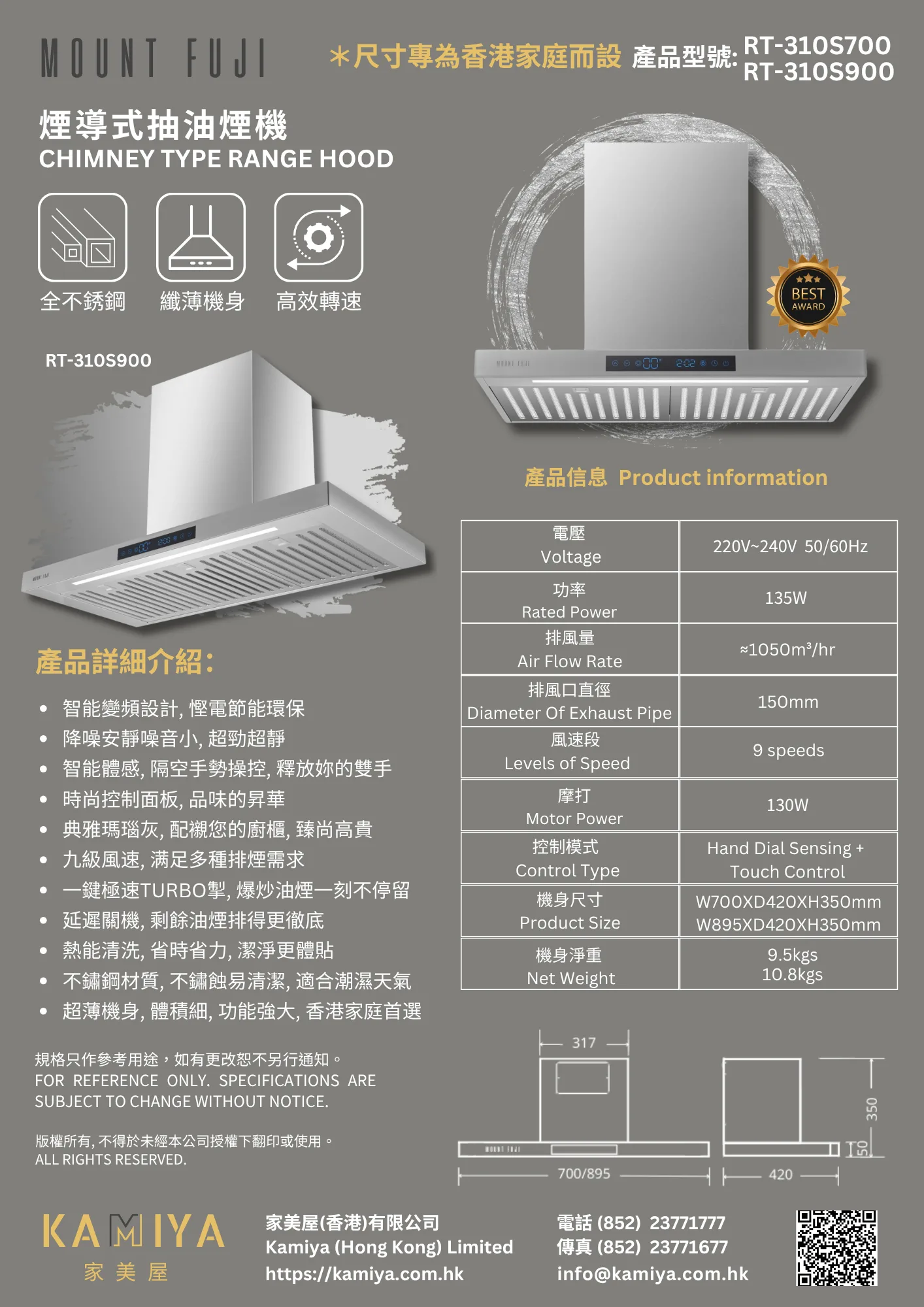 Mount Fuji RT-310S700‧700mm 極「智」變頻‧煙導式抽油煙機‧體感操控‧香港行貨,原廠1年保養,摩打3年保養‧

---

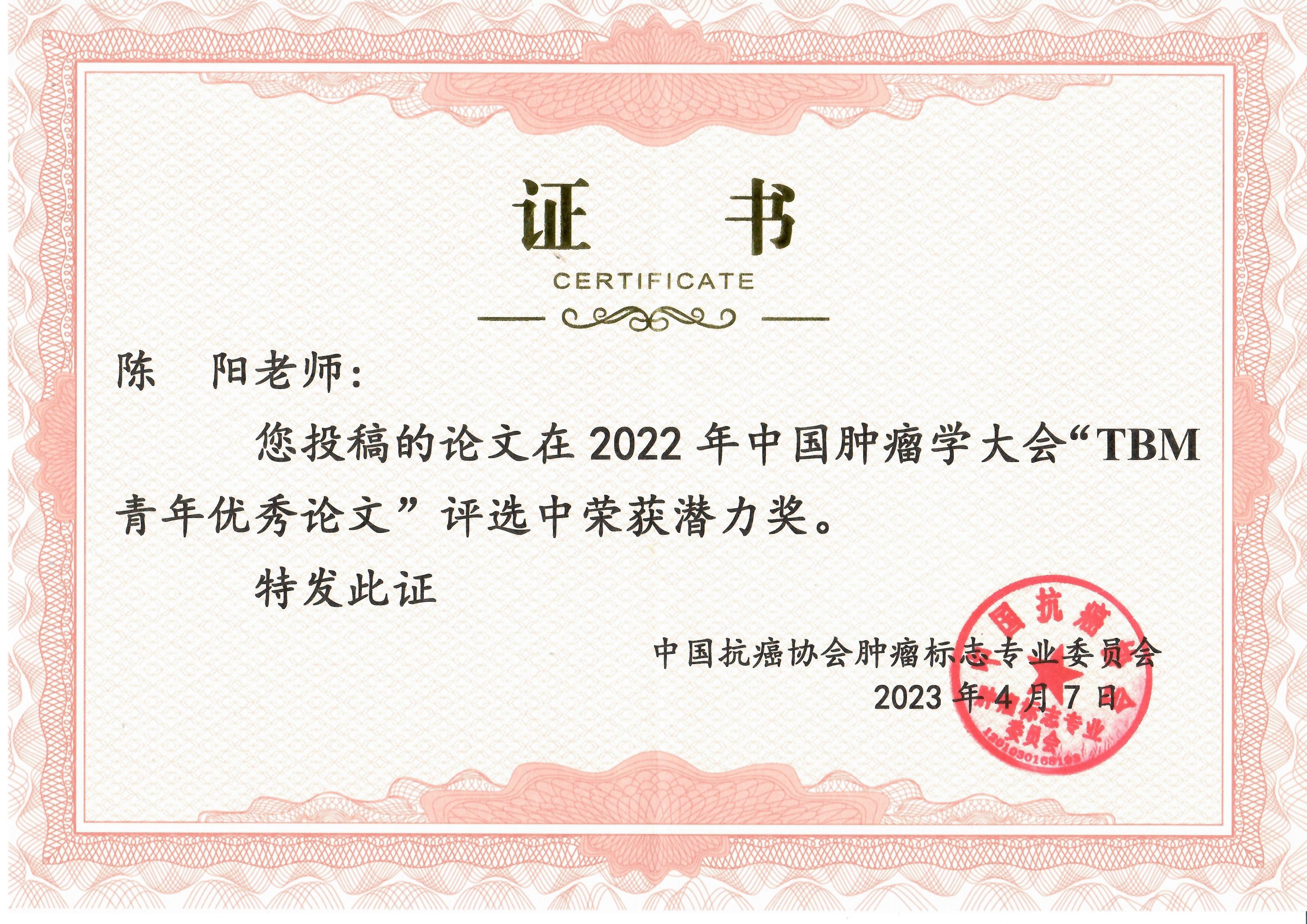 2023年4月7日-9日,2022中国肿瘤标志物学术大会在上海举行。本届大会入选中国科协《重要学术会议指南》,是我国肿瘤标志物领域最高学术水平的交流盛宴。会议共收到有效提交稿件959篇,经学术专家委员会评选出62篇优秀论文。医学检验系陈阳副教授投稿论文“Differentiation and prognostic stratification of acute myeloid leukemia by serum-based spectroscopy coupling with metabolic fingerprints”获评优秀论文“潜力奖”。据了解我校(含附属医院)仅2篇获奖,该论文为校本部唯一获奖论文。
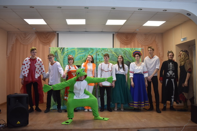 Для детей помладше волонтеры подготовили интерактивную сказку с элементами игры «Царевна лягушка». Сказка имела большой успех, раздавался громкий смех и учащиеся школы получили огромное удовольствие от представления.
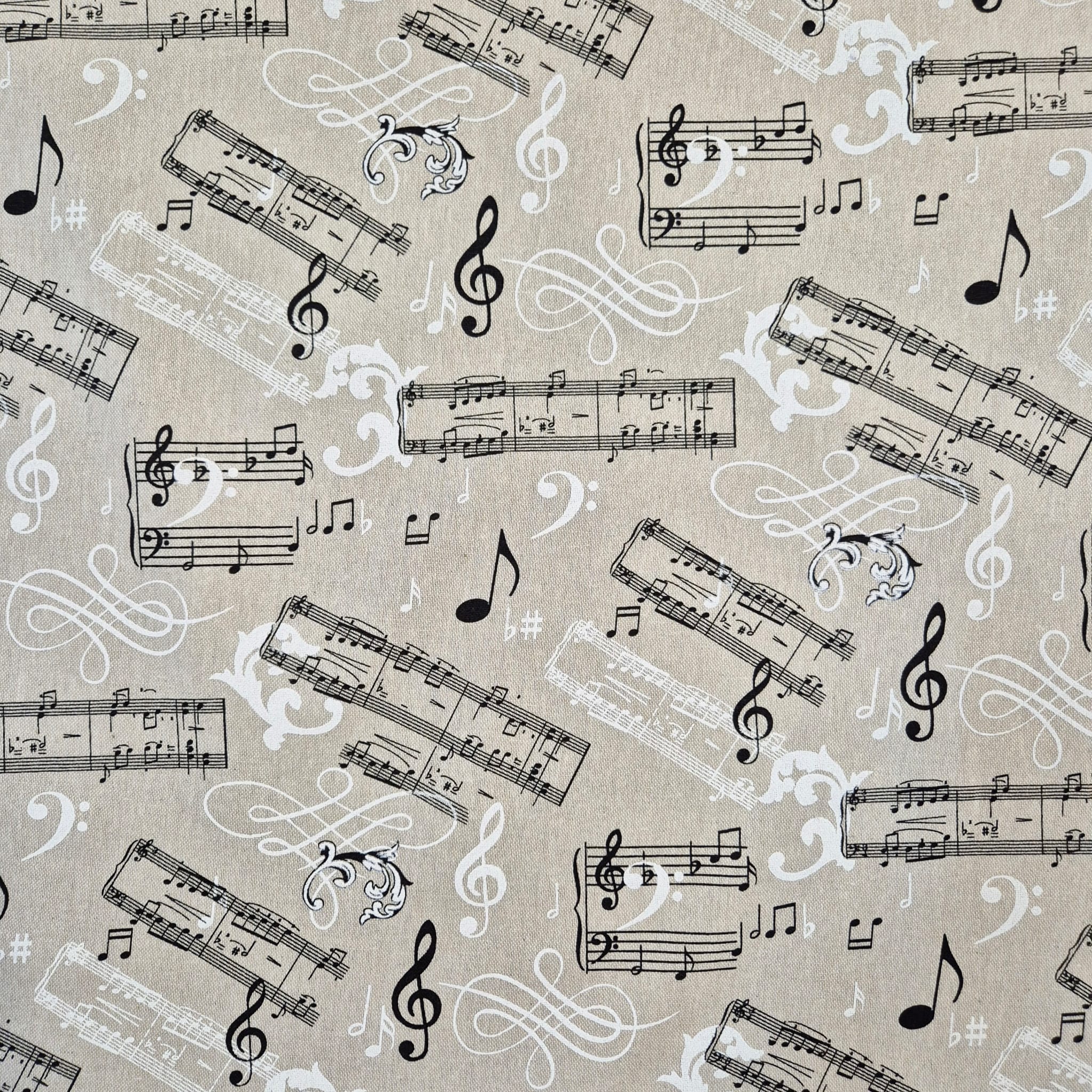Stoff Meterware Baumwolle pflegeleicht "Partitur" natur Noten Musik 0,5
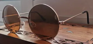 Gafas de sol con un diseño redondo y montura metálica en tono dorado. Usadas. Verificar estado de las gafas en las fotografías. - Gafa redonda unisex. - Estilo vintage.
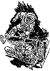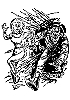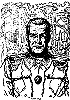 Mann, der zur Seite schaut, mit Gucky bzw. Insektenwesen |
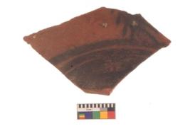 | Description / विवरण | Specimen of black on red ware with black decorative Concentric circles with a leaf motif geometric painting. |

---

Restate the lines above from the one containing "and prognostic stratification" through the one containing "geometric painting. |", inclusive, exactly and without pictures.

Solution to this exercise:
 2023年4月7日-9日,2022中国肿瘤标志物学术大会在上海举行。本届大会入选中国科协《重要学术会议指南》,是我国肿瘤标志物领域最高学术水平的交流盛宴。会议共收到有效提交稿件959篇,经学术专家委员会评选出62篇优秀论文。医学检验系陈阳副教授投稿论文“Differentiation and prognostic stratification of acute myeloid leukemia by serum-based spectroscopy coupling with metabolic fingerprints”获评优秀论文“潜力奖”。据了解我校(含附属医院)仅2篇获奖,该论文为校本部唯一获奖论文。
 Для детей помладше волонтеры подготовили интерактивную сказку с элементами игры «Царевна лягушка». Сказка имела большой успех, раздавался громкий смех и учащиеся школы получили огромное удовольствие от представления.
Stoff Meterware Baumwolle pflegeleicht "Partitur" natur Noten Musik 0,5
 Gafas de sol con un diseño redondo y montura metálica en tono dorado. Usadas. Verificar estado de las gafas en las fotografías. - Gafa redonda unisex. - Estilo vintage.
 Mann, der zur Seite schaut, mit Gucky bzw. Insektenwesen |
 | Description / विवरण | Specimen of black on red ware with black decorative Concentric circles with a leaf motif geometric painting. |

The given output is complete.